╭─ Exercise input
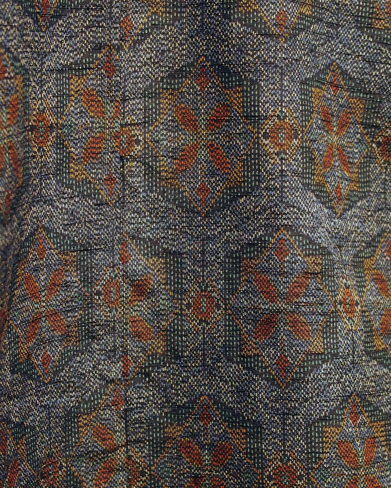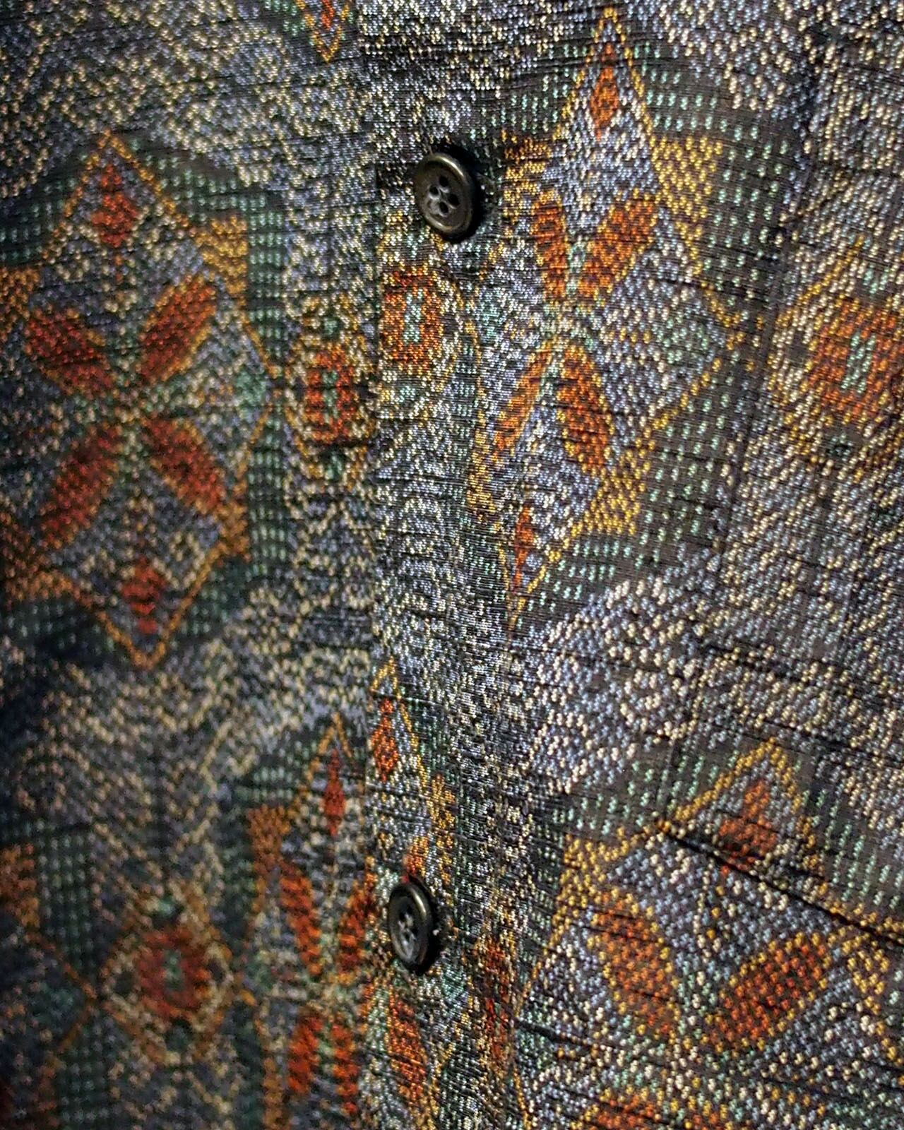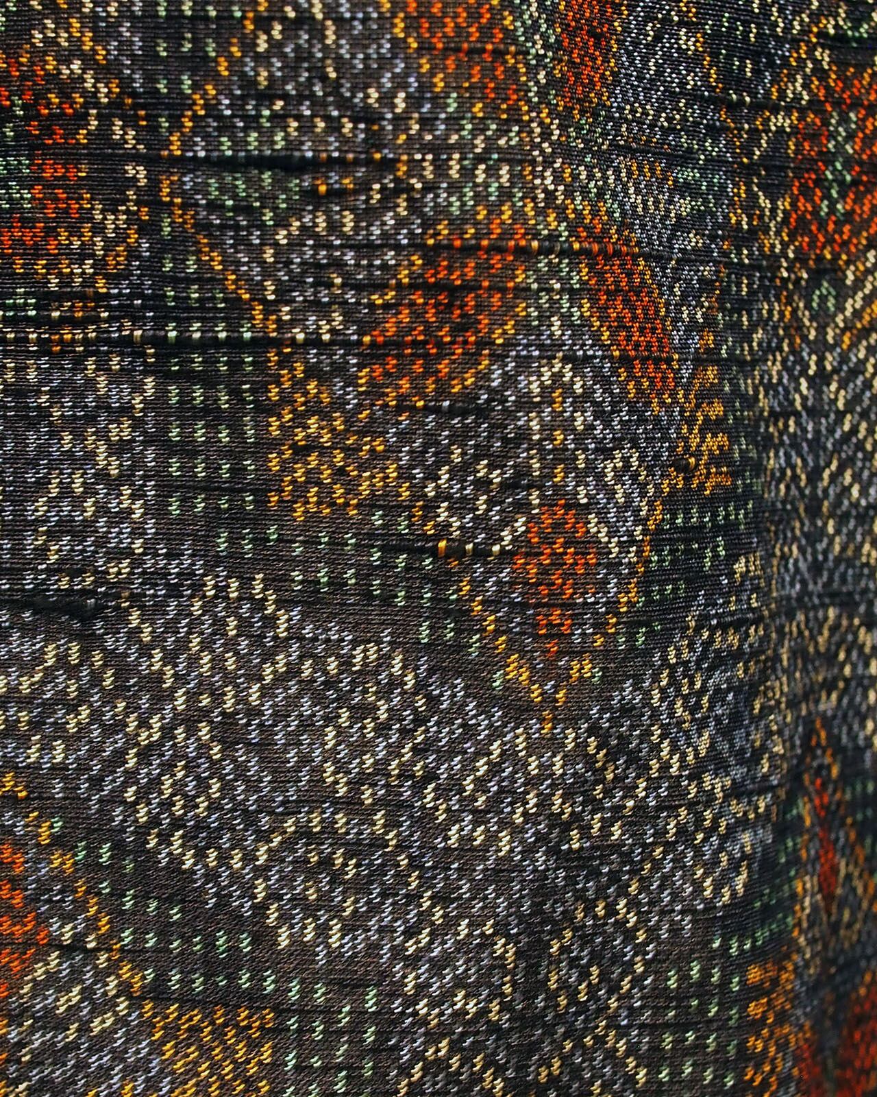 日本の伝統的な技法を取り入れた印象的な着物を選定し、ネイティブな雰囲気の漂う幾何学模様が存在感のある一枚。絹特有の高級感と張りがあり、職人の技が光る繊細でしっかりとした濃密な生地感は上質で高貴な雰囲気を醸し出します。
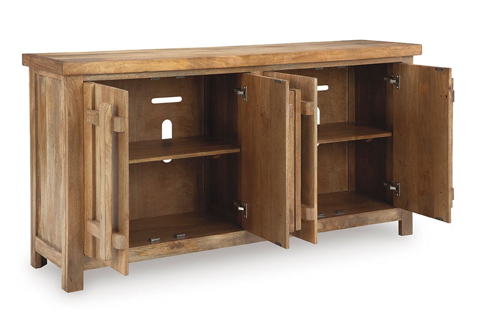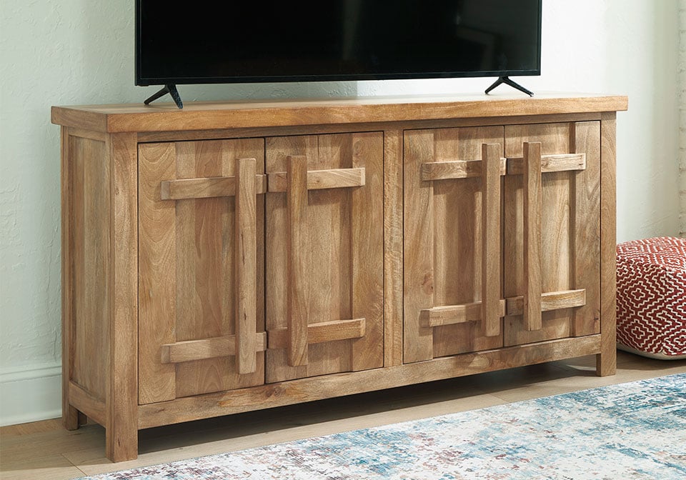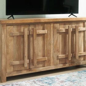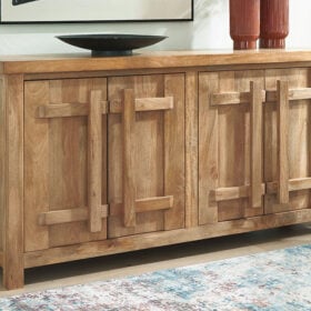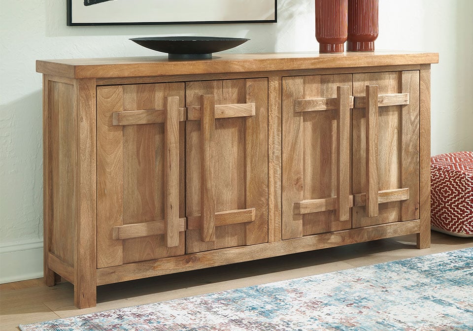 Say hello to style and bid farewell to clutter without compromising on design. This accent cabinet radiates refined modern craftsman influence. Impressive detailing and cabinets with dynamic oversized wooden pulls create organic appeal. Offering ample storage space for your essentials, don’t just organize your home—artfully arrange it.
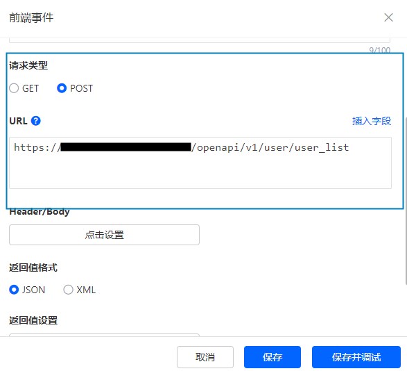 根据开放平台接口的介绍,可得到接口的请求类型和URL,我们可以按以下内容填入:
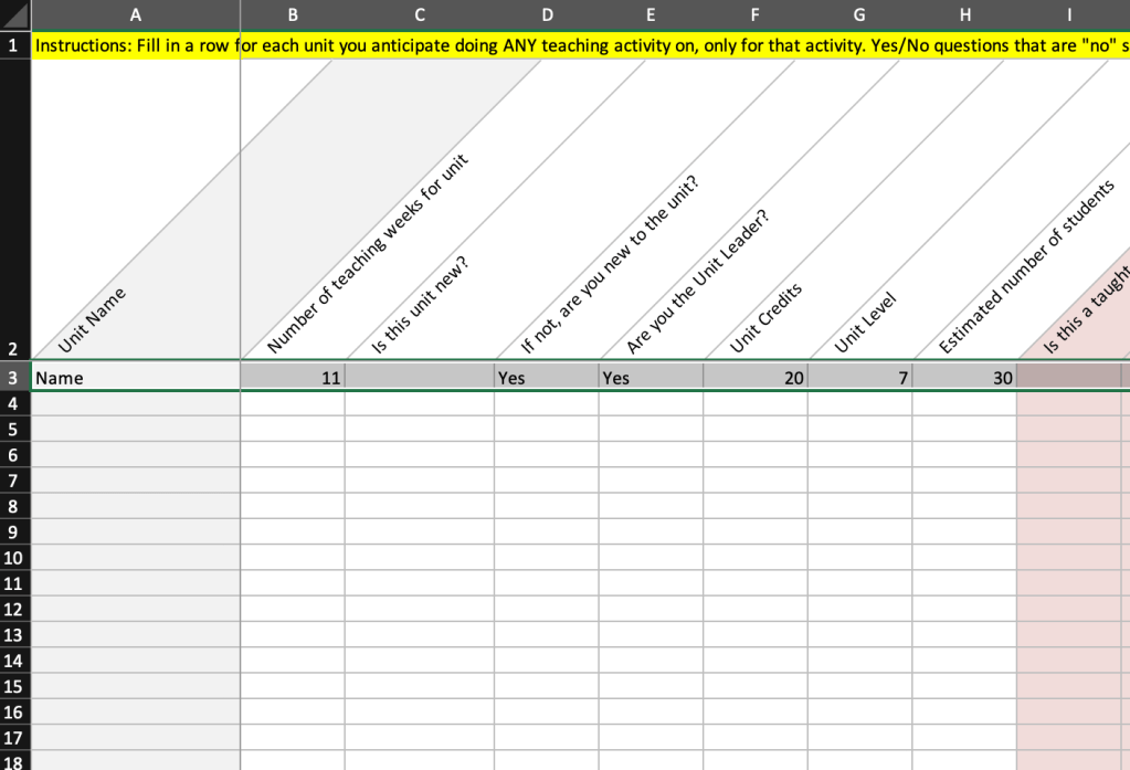 - Space for assessments is to the RIGHT of the pink calculated columns
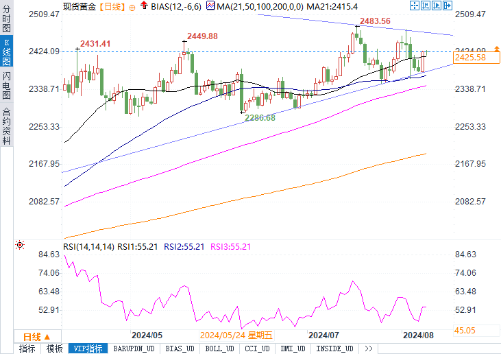 黄金作为传统的避险资产,在当前全球经济不确定性的背景下,其基本面支撑依然稳固。尽管近期全球股市的波动性有所增加,但黄金的避险属性并未受到明显影响。此外,全球央行的宽松货币政策也为黄金价格提供了一定的支撑。
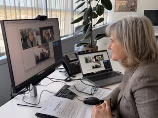 La consejera de Cultura, Turismo, Jóvenes y Deportes en funciones, Victoria Bazaga, ha comunicado por videollamada la noticia a los estudiantes ganadores del concurso - JUNTA DE EXTREMADURA
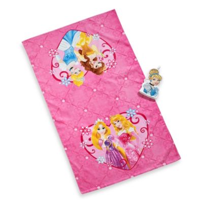 Disney princess hooded towel features cinderella, tiana and aurora.
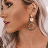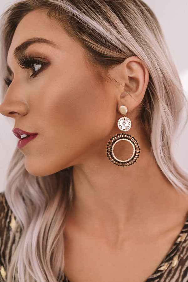 Slay all day in our "Romance On Repeat" statement earrings featuring two dangling textured gold circles with black open hoops!
╰─
Task:
Restate the material above word for word; pictures do not belong in the copy.

Output of the task:
 日本の伝統的な技法を取り入れた印象的な着物を選定し、ネイティブな雰囲気の漂う幾何学模様が存在感のある一枚。絹特有の高級感と張りがあり、職人の技が光る繊細でしっかりとした濃密な生地感は上質で高貴な雰囲気を醸し出します。
 Say hello to style and bid farewell to clutter without compromising on design. This accent cabinet radiates refined modern craftsman influence. Impressive detailing and cabinets with dynamic oversized wooden pulls create organic appeal. Offering ample storage space for your essentials, don’t just organize your home—artfully arrange it.
 根据开放平台接口的介绍,可得到接口的请求类型和URL,我们可以按以下内容填入:
 - Space for assessments is to the RIGHT of the pink calculated columns
 黄金作为传统的避险资产,在当前全球经济不确定性的背景下,其基本面支撑依然稳固。尽管近期全球股市的波动性有所增加,但黄金的避险属性并未受到明显影响。此外,全球央行的宽松货币政策也为黄金价格提供了一定的支撑。
 La consejera de Cultura, Turismo, Jóvenes y Deportes en funciones, Victoria Bazaga, ha comunicado por videollamada la noticia a los estudiantes ganadores del concurso - JUNTA DE EXTREMADURA
 Disney princess hooded towel features cinderella, tiana and aurora.
 Slay all day in our "Romance On Repeat" statement earrings featuring two dangling textured gold circles with black open hoops!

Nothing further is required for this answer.